The Java API for XML Binding, JAXB (https://jaxb.java.net/) is a framework often used in Java to make working with XML easier. Most modern Java IDE's (such as JDeveloper, Eclipse, Netbeans) support direct generation of Java classes from an XML schema definition. JAXB allows Java code to be marshalled to XML and XML to be unmarshalled to Java classes.




If you generate Java classes from an XML schema definition, create an instance of the generated class and unmarshall it to XML, the XML will not in all cases be compliant to the schema the classes were generated from. This can cause problems if correctness is assumed based on usage of the framework. Validation can help detect problems and there are several methods to circumvent them.

Missing elements

To illustrate this, I have created a simple schema. A person has 2 elements. A first name and a last name.

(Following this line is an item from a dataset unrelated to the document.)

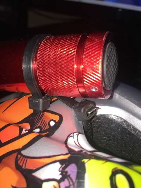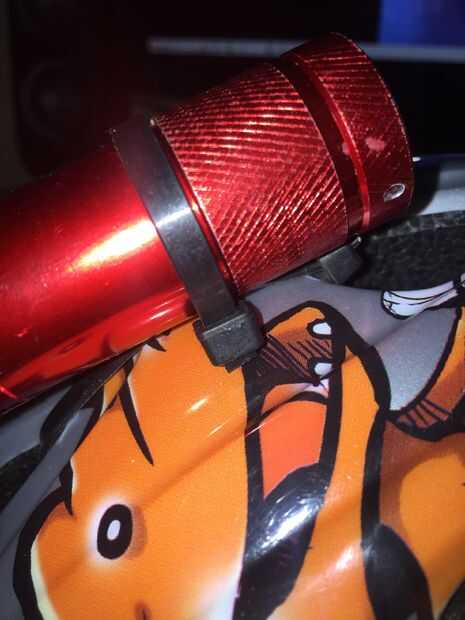 Deslizar el segundo zip empate en la primera se acaba de instalar en el casco. Lazo/Conecte el zip empate, pero antes de apretar hacia abajo, deslice la linterna en y apriete hacia abajo bien. Como se puede ver en mi linterna, hay agarre en ambos lados de la linterna para mantener el cordón caiga!!!!

 <?xml version="1.0" encoding="windows-1252" ?>  
 <xsd:schema xmlns:xsd="http://www.w3.org/2001/XMLSchema"  
       xmlns="http://www.mstest.ms" targetNamespace="http://www.mstest.ms"  
       elementFormDefault="qualified">  
  <xsd:element name="Person">  
   <xsd:complexType>  
    <xsd:sequence>  
     <xsd:element name="FirstName" type="xsd:string"/>  
     <xsd:element name="LastName" type="xsd:string"/>  
    </xsd:sequence>  
   </xsd:complexType>  
  </xsd:element>  
 </xsd:schema>  

Next I generate Java code from this in JDeveloper as can be seen in the first screenshot of this post. Just right click the XSD and tell it to Generate a JAXB 2.0 Content Model.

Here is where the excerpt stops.